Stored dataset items
# # # # # # #

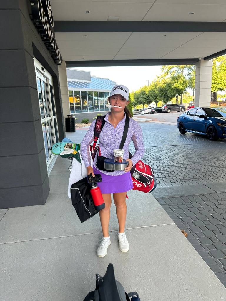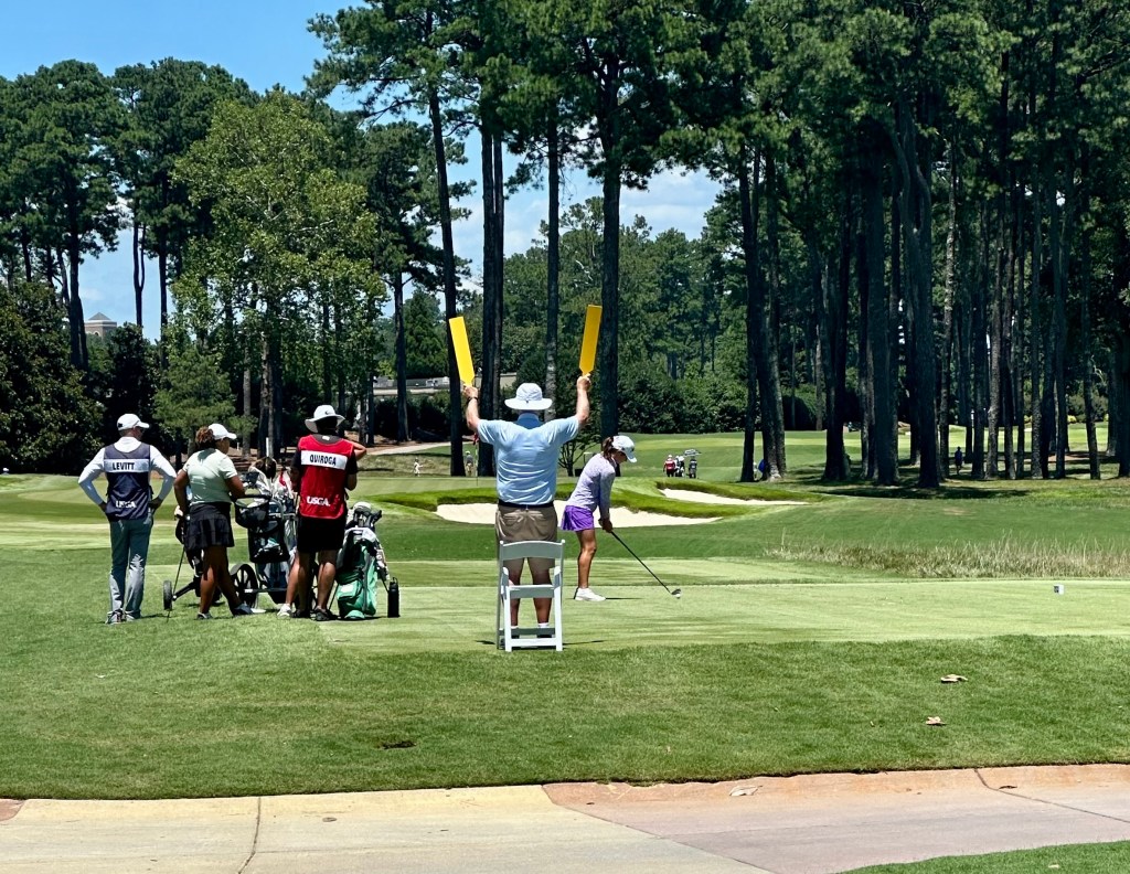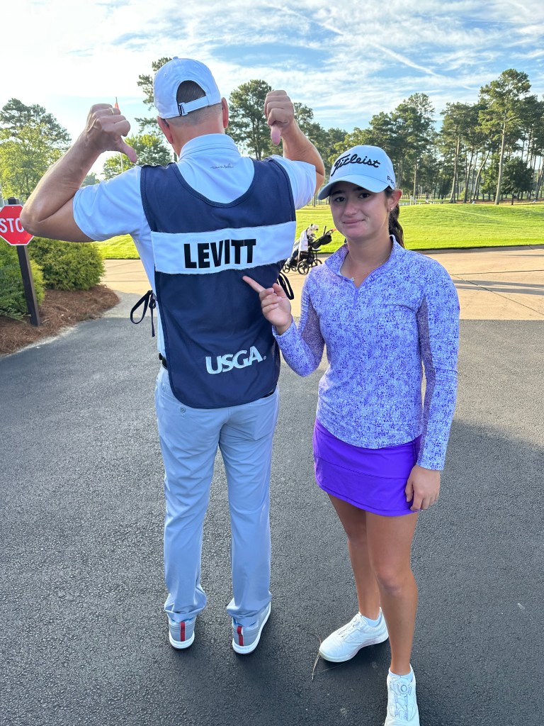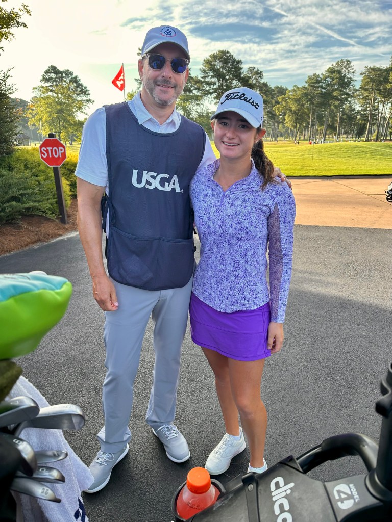 After the round, the team had lunch and regrouped before heading back to the driving range for two hours where Coach Carl with the aid of Cady Uncle David recalibrated everything in preparation for tomorrow. Jordan will have to go low tomorrow to make the cut but she has faced and conquered worse odds and feels confident in her ability to do it again when it matters. T time is at 2:30 off of hole one so she can sleep in a bit, have a nice breakfast and to quote Carl, “Go out and do a piece of work.”
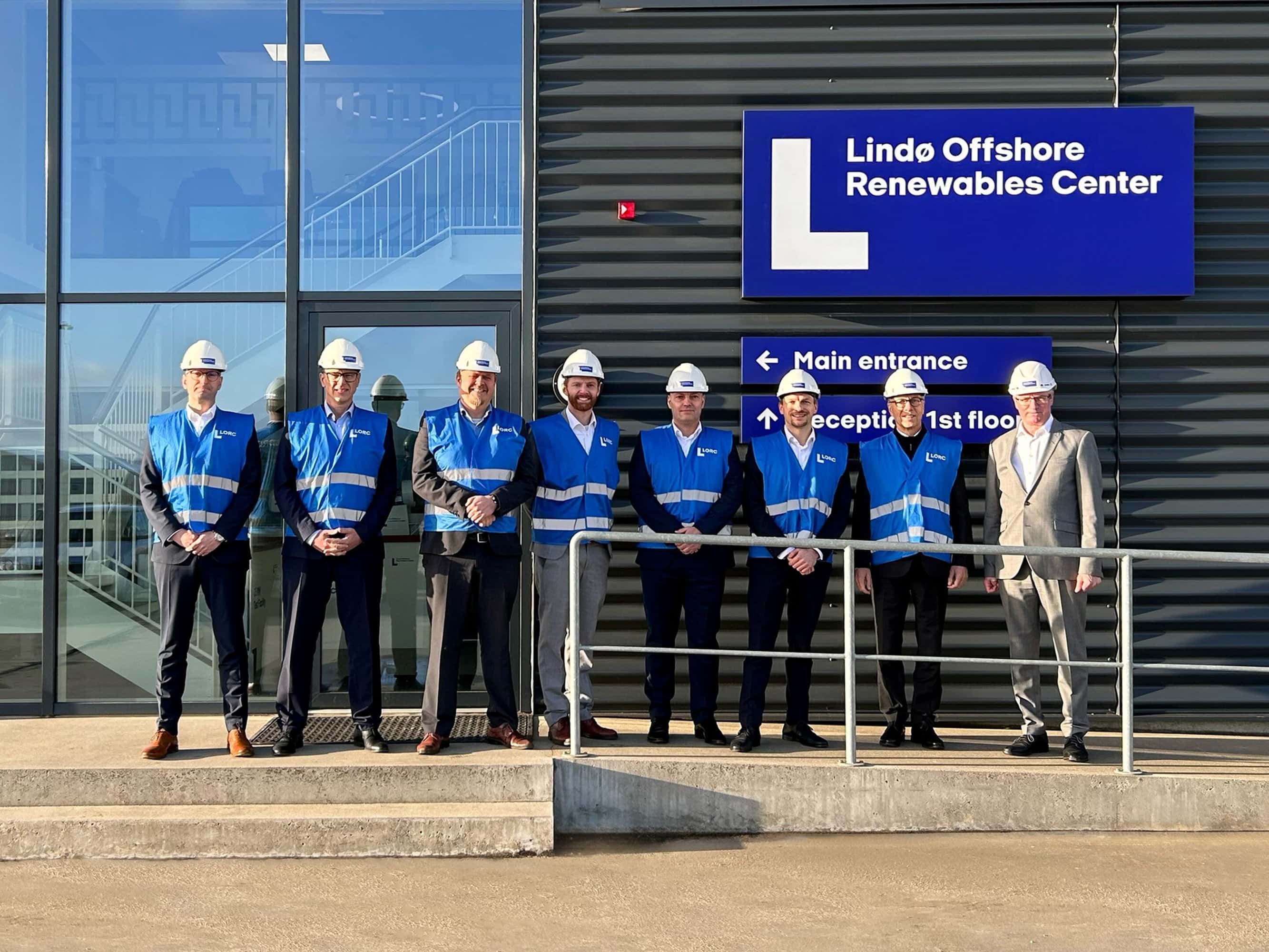 The world's most powerful test facility for wind turbine main bearings is being built in Lindø, Denmark. Schaeffler cooperates with LORC and R&D Test Systems: Jens Föcker, General Manager Schaeffler Denmark, Bernd Endres, VP Regional Business Unit Wind, Schaeffler, Peder Lund Rasmussen, General Manager, R&D Test Systems, Peter Winther, Key Account Manager, R&D Test Systems, Sascha Zaps, CEO Region Europe, Schaeffler, Dr. Michael Pausch, CTO Industrial, Schaeffler, Dr. Stefan Spindler, CEO Industrial, Schaeffler, Schaeffler, Torben Lorentzen, CEO LORC (from left).
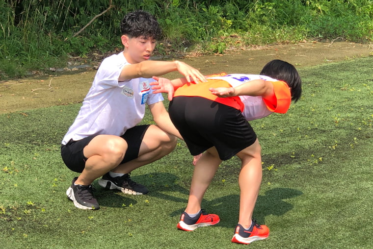 選手が日々のトレーニングで実施しているウォーミングアップを一緒に行ったり、参加したジュニアジャンパーひとりひとりにジャンプ技術向上のアドバイスを行うなど、ジャンプ人口の拡大、育成にも取り組んでいます。
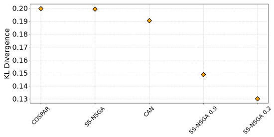 To demonstrate this claim, we make a comparison of the time–frequency representations of COSPAR, CAN and our method to the representation of a Gaussian sequence. For each method, the ambiguity function plot of the optimized sequence is computed, converted to grayscale, resized, and normalized. Then, the Kullback–Leibler divergence is calculated as in Equation (4), where the PDF represented by and , are now matrices expressing the normalized grayscale pixels of the image of the evaluated method and the Gaussian sequence, respectively. Observe that zero KLD indicates that the signal is identical to the Gaussian reference time–frequency image, whereas greater values suggest a more distant representation from the reference one.
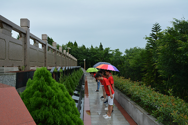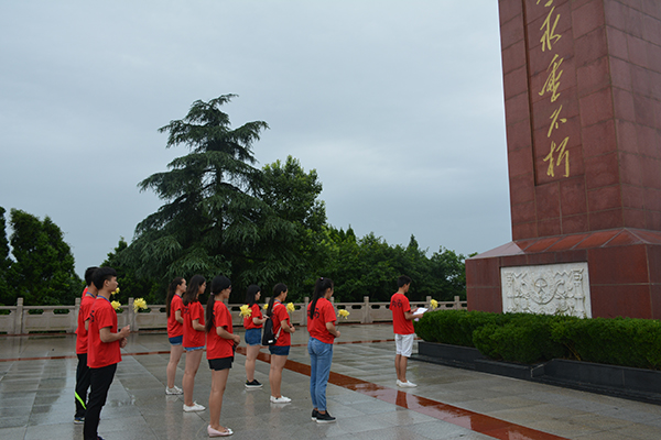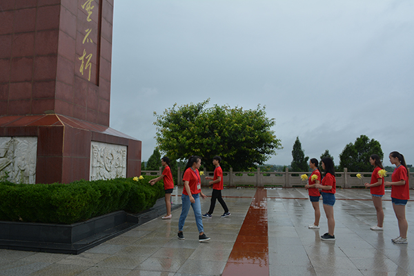 清明雨浥千年思念, 翠暖松寒万代永存。7月18日上午,太阳成集团tyc33455cc计算机科学公司“齐学党章,共做先进”党员宣传服务队12名同学坐车来到位于东兴区靖民镇的烈士陵园,开展扫墓活动。虽然天空下着蒙蒙的细雨,虽然坐车坐了半个多小时,大家却依然精神饱满地来到了陵园。
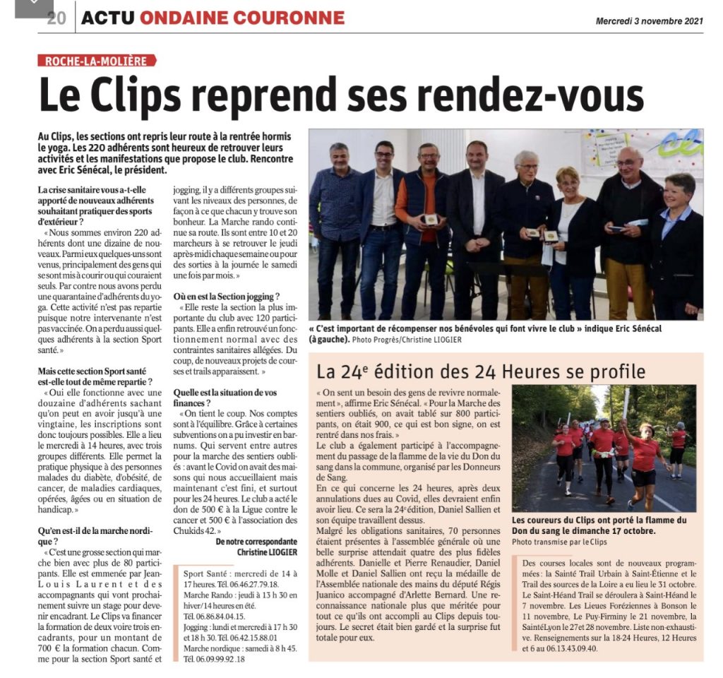 Vendredi 22 octobre se tenait l’Assemblée générale du CLIPS, Club d’Initiation à la Pratique Sportive, devant une assistance nombreuse, comme à l’accoutumée. Après la présentation des différents rapports, moral, d’activité et financier par le Président Eric Sénécal et son équipe, et l’esquisse prudente de perspectives pour l’année à venir, j’ai souhaité, avec Arlette Bernard, Conseillère départementale et Députée suppléante, mettre à l’honneur 4 figures emblématiques du club, des bénévoles responsables dont l’engagement au sein du CLIPS force le respect de tous : Danielle et Pierre Renaudier, ainsi que Daniel Molle et Daniel Sallien.
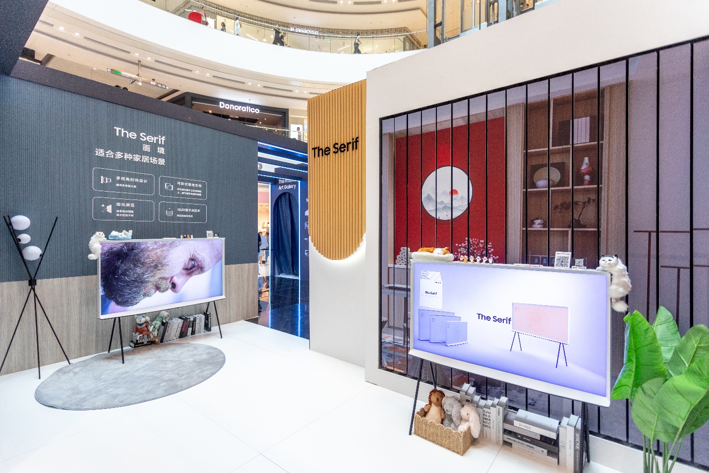无惧时间,串联空间,方为画境。在“百变艺术空间”,通过展现The Serif画境系列艺术电视与年轻家庭、中式风格以及环保主题3种家居格调的搭配,消费者切身感受到了这款电视随心百变、潮流时尚的产品特性。新颖的“I”形边框使电视在充当置物架的同时与室内空间进行有效互动,赋予空间独特的灵感。云白色彩的使用更是为电视增添了符合当下潮流的时尚之美,以及经得住多角度欣赏的细节之美。
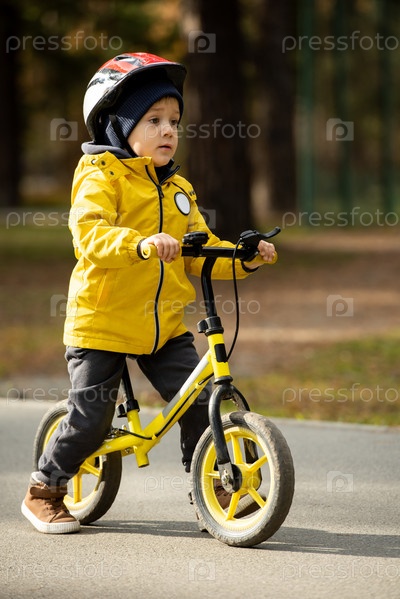 Милый мальчик в защитном шлеме ездит на велосипеде с балансом по асфальтной дороге
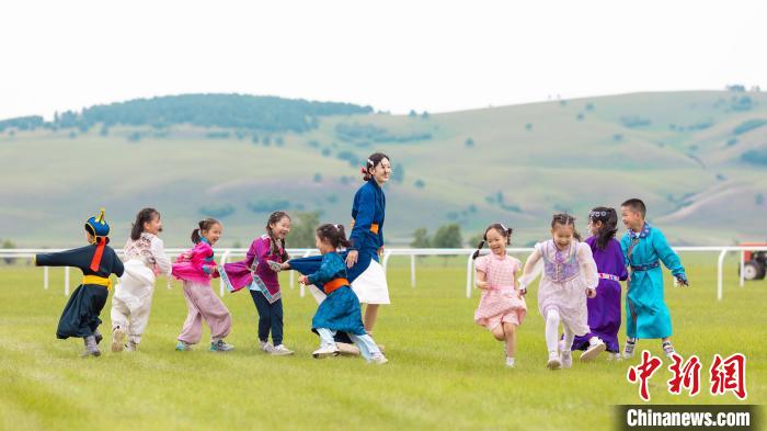 6月29日,内蒙古呼伦贝尔,在鄂温克族自治旗巴彦嵯岗苏木音乐节上,幼儿园教师带领身着现代元素蒙古袍的学生参加活动。索米亚 摄

# # # # # # #

- What is required: The records above are to be quoted exactly, with all pictures left out.

- Task response:
 After the round, the team had lunch and regrouped before heading back to the driving range for two hours where Coach Carl with the aid of Cady Uncle David recalibrated everything in preparation for tomorrow. Jordan will have to go low tomorrow to make the cut but she has faced and conquered worse odds and feels confident in her ability to do it again when it matters. T time is at 2:30 off of hole one so she can sleep in a bit, have a nice breakfast and to quote Carl, “Go out and do a piece of work.”
 The world's most powerful test facility for wind turbine main bearings is being built in Lindø, Denmark. Schaeffler cooperates with LORC and R&D Test Systems: Jens Föcker, General Manager Schaeffler Denmark, Bernd Endres, VP Regional Business Unit Wind, Schaeffler, Peder Lund Rasmussen, General Manager, R&D Test Systems, Peter Winther, Key Account Manager, R&D Test Systems, Sascha Zaps, CEO Region Europe, Schaeffler, Dr. Michael Pausch, CTO Industrial, Schaeffler, Dr. Stefan Spindler, CEO Industrial, Schaeffler, Schaeffler, Torben Lorentzen, CEO LORC (from left).
 選手が日々のトレーニングで実施しているウォーミングアップを一緒に行ったり、参加したジュニアジャンパーひとりひとりにジャンプ技術向上のアドバイスを行うなど、ジャンプ人口の拡大、育成にも取り組んでいます。
 To demonstrate this claim, we make a comparison of the time–frequency representations of COSPAR, CAN and our method to the representation of a Gaussian sequence. For each method, the ambiguity function plot of the optimized sequence is computed, converted to grayscale, resized, and normalized. Then, the Kullback–Leibler divergence is calculated as in Equation (4), where the PDF represented by and , are now matrices expressing the normalized grayscale pixels of the image of the evaluated method and the Gaussian sequence, respectively. Observe that zero KLD indicates that the signal is identical to the Gaussian reference time–frequency image, whereas greater values suggest a more distant representation from the reference one.
 清明雨浥千年思念, 翠暖松寒万代永存。7月18日上午,太阳成集团tyc33455cc计算机科学公司“齐学党章,共做先进”党员宣传服务队12名同学坐车来到位于东兴区靖民镇的烈士陵园,开展扫墓活动。虽然天空下着蒙蒙的细雨,虽然坐车坐了半个多小时,大家却依然精神饱满地来到了陵园。
 Vendredi 22 octobre se tenait l’Assemblée générale du CLIPS, Club d’Initiation à la Pratique Sportive, devant une assistance nombreuse, comme à l’accoutumée. Après la présentation des différents rapports, moral, d’activité et financier par le Président Eric Sénécal et son équipe, et l’esquisse prudente de perspectives pour l’année à venir, j’ai souhaité, avec Arlette Bernard, Conseillère départementale et Députée suppléante, mettre à l’honneur 4 figures emblématiques du club, des bénévoles responsables dont l’engagement au sein du CLIPS force le respect de tous : Danielle et Pierre Renaudier, ainsi que Daniel Molle et Daniel Sallien.
无惧时间,串联空间,方为画境。在“百变艺术空间”,通过展现The Serif画境系列艺术电视与年轻家庭、中式风格以及环保主题3种家居格调的搭配,消费者切身感受到了这款电视随心百变、潮流时尚的产品特性。新颖的“I”形边框使电视在充当置物架的同时与室内空间进行有效互动,赋予空间独特的灵感。云白色彩的使用更是为电视增添了符合当下潮流的时尚之美,以及经得住多角度欣赏的细节之美。
 Милый мальчик в защитном шлеме ездит на велосипеде с балансом по асфальтной дороге
 6月29日,内蒙古呼伦贝尔,在鄂温克族自治旗巴彦嵯岗苏木音乐节上,幼儿园教师带领身着现代元素蒙古袍的学生参加活动。索米亚 摄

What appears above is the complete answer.